Let’s download minute data and adjust them. Minute data do not have dividends, so we will not adjust dividends here (function in default doesn’t adjust dividends). A simple query to download minute data in csv format (also for historical minute data, see the Alpha Vantage documentation). You can notice that there is slice=year{}month{} in the query, which we format as year1month1 to get the most recent data. Alpha Vantage gives maximum one month data per one query and up to 2 years of history. So the previous month would be year1month2, this month in the previous year would be year2month1, and so on. Note that depending on the date you are downloading the data, the event could be older than one month. You can check if the prices are adjusted correctly by downloading adjusted prices by setting adjusted=true.

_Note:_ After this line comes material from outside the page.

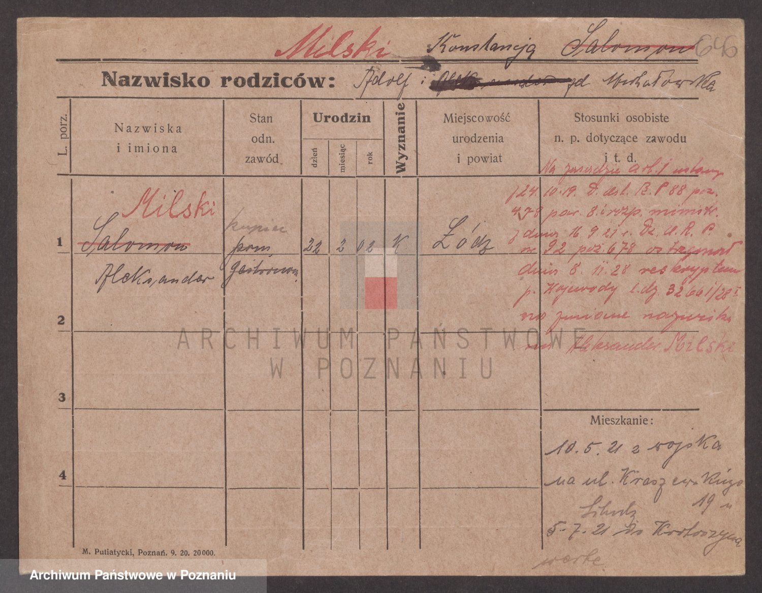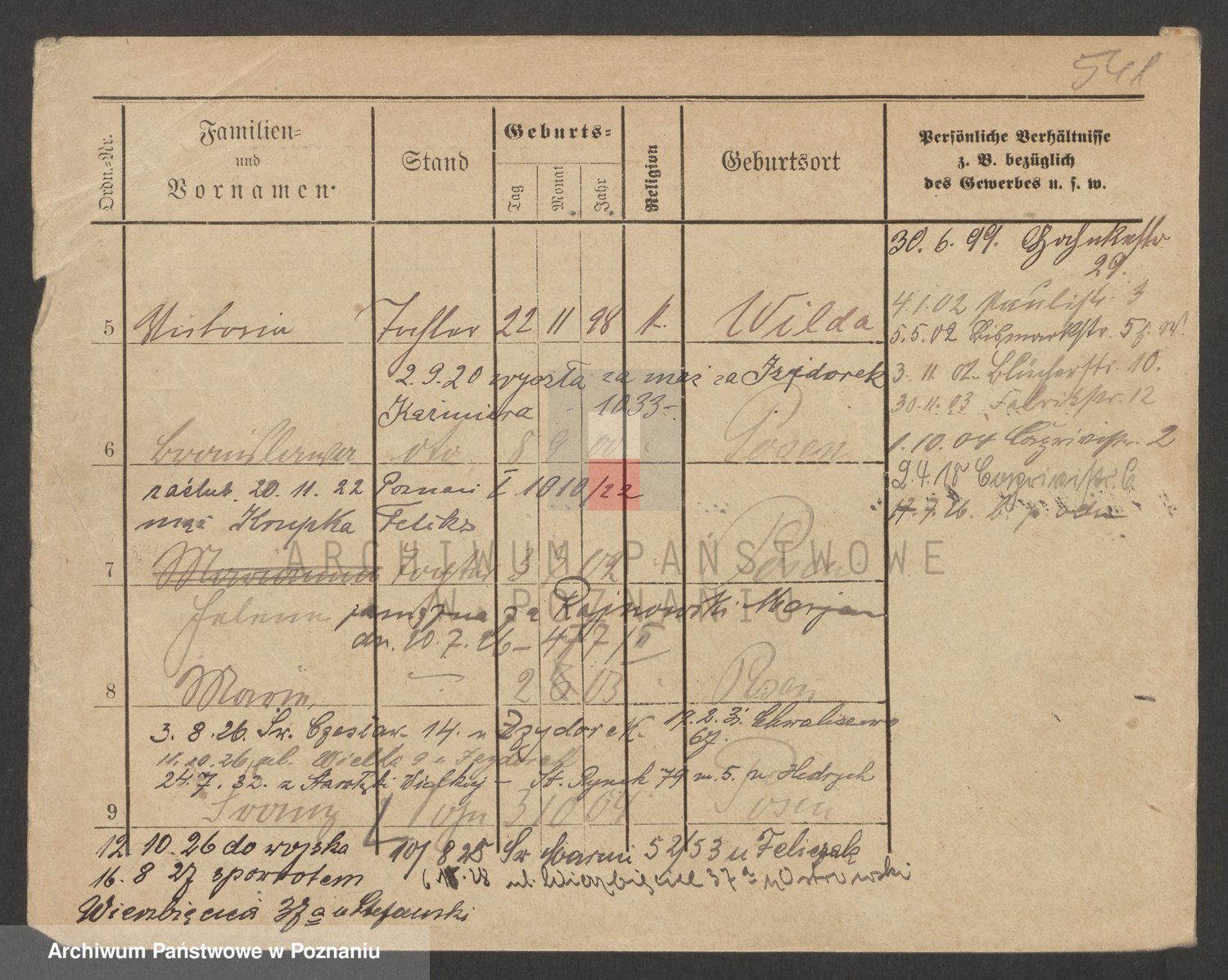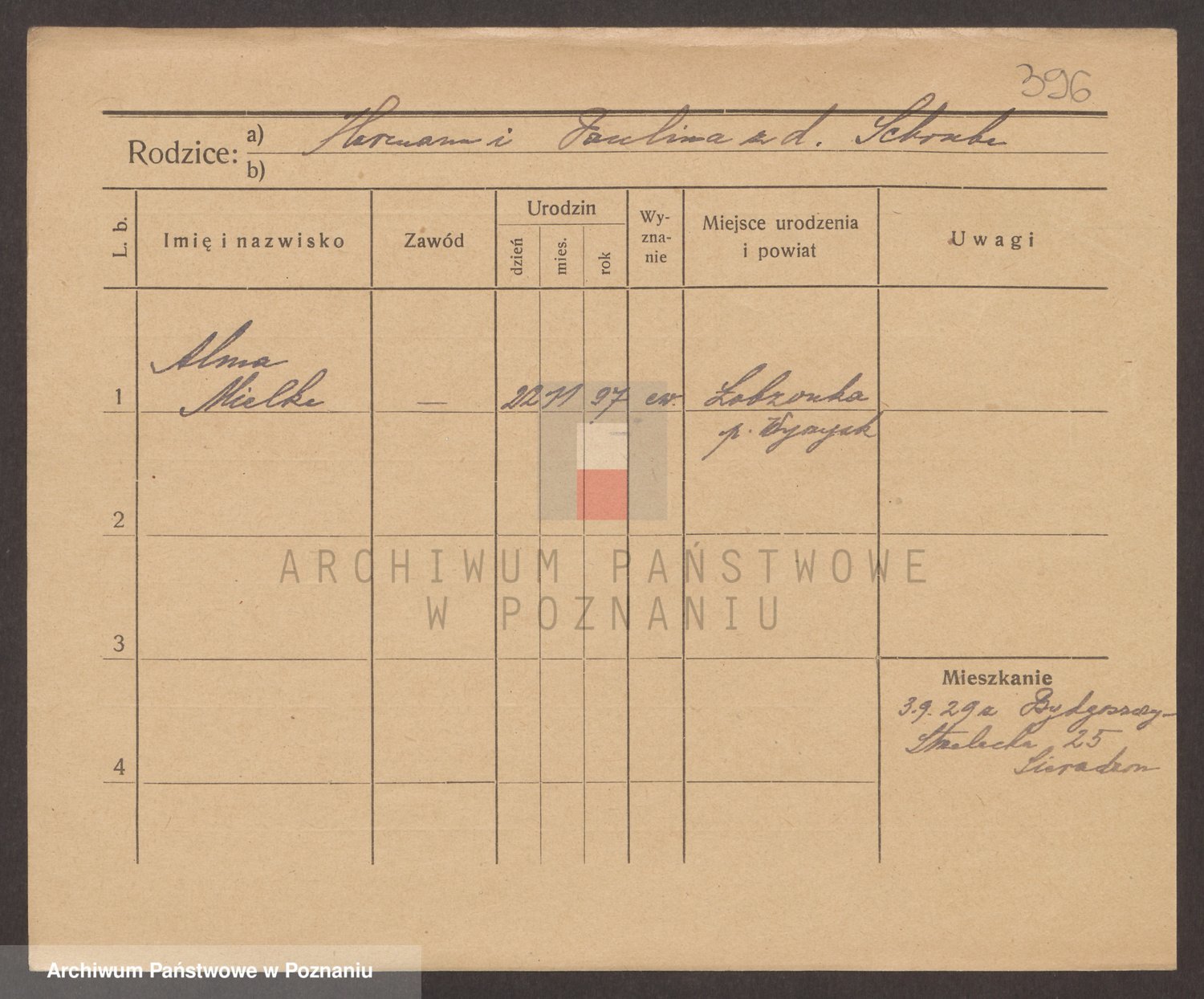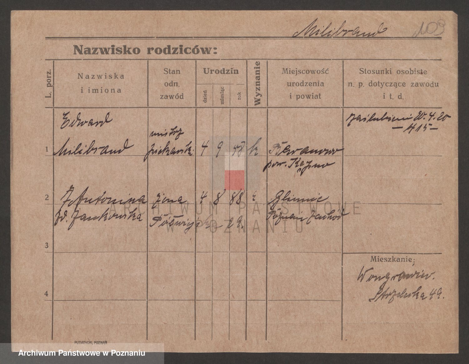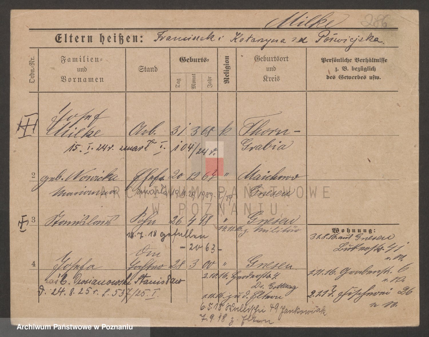 Podgląd karty osobowej dostępny jest po kliknięciu na nazwisko lub ikonkę karty. Można dokonywać powiększenia (ikony na górze) lub przechodzić między kolejnymi skanami (strzałki po bokach).

download_file = 'https://www.alphavantage.co/query?function=TIME_SERIES_INTRADAY_EXTENDED&function=TIME_SERIES_INTRADAY_EXTENDED&symbol={}&interval=1min&slice=year{}month{}&adjusted=false&apikey=YourAPIkey' # change to your API key
df = pd.read_csv(download_file.format('AAPL', 1, 1))
# note that time of making this query was after the split, Sep 2020
df = df.set_index('time')
df = df.sort_index()
df[df.index < '2020-08-31 04:03:00'].tail()
We can see the split in the table when the price decreased from 501.98 USD to 128 USD, which was pre-market open on Aug 31. But our minute data don’t have a split coefficient, so we merge it with the coefficient (which is on daily data, so it is at time 00:00:00).
df = df.merge(daily[['split coefficient']], left_index=True,
right_index=True, how='outer')
# fill split NaN values with 1 (because of cumulative product)
df['split coefficient'] = df['split coefficient'].fillna(1)
df[df.index < '2020-08-31 04:03:00'].tail()
open | high | low | close | volume | split coefficient | |
---|---|---|---|---|---|---|
2020-08-28 19:59:00 | 501.73 | 501.73 | 501.65 | 501.65 | 1683.0 | 1.0 |
2020-08-28 20:00:00 | 501.80 | 502.00 | 501.71 | 501.98 | 8239.0 | 1.0 |
2020-08-31 00:00:00 | NaN | NaN | NaN | NaN | NaN | 4.0 |
2020-08-31 04:01:00 | 128.00 | 137.29 | 125.60 | 126.00 | 61664.0 | 1.0 |
2020-08-31 04:02:00 | 126.92 | 127.00 | 126.00 | 126.50 | 16918.0 | 1.0 |
Apply our function and have a look at the result.
dfa = calculate_adjusted(df)
dfa[dfa.index < '2020-08-31 04:03:00'].tail()
open | high | low | close | volume | split coefficient | adj_open | adj_high | adj_low | adj_close | adj_volume | |
---|---|---|---|---|---|---|---|---|---|---|---|
2020-08-28 19:59:00 | 501.73 | 501.73 | 501.65 | 501.65 | 1683.0 | 1.0 | 125.4325 | 125.4325 | 125.4125 | 125.4125 | 6732.0 |
2020-08-28 20:00:00 | 501.80 | 502.00 | 501.71 | 501.98 | 8239.0 | 1.0 | 125.4500 | 125.5000 | 125.4275 | 125.4950 | 32956.0 |
2020-08-31 00:00:00 | NaN | NaN | NaN | NaN | NaN | 4.0 | NaN | NaN | NaN | NaN | NaN |
2020-08-31 04:01:00 | 128.00 | 137.29 | 125.60 | 126.00 | 61664.0 | 1.0 | 128.0000 | 137.2900 | 125.6000 | 126.0000 | 61664.0 |
2020-08-31 04:02:00 | 126.92 | 127.00 | 126.00 | 126.50 | 16918.0 | 1.0 | 126.9200 | 127.0000 | 126.0000 | 126.5000 | 16918.0 |
Adjusted prices are prepared, and you can fully use them in your backtests. We used only built-in pandas functions, so it calculates reasonably fast for a more extended history of one-minute data or even one-second data. Do your price adjusting is very important if you store the data in the original form; most brokers also provide original data without splitting dates and coefficients.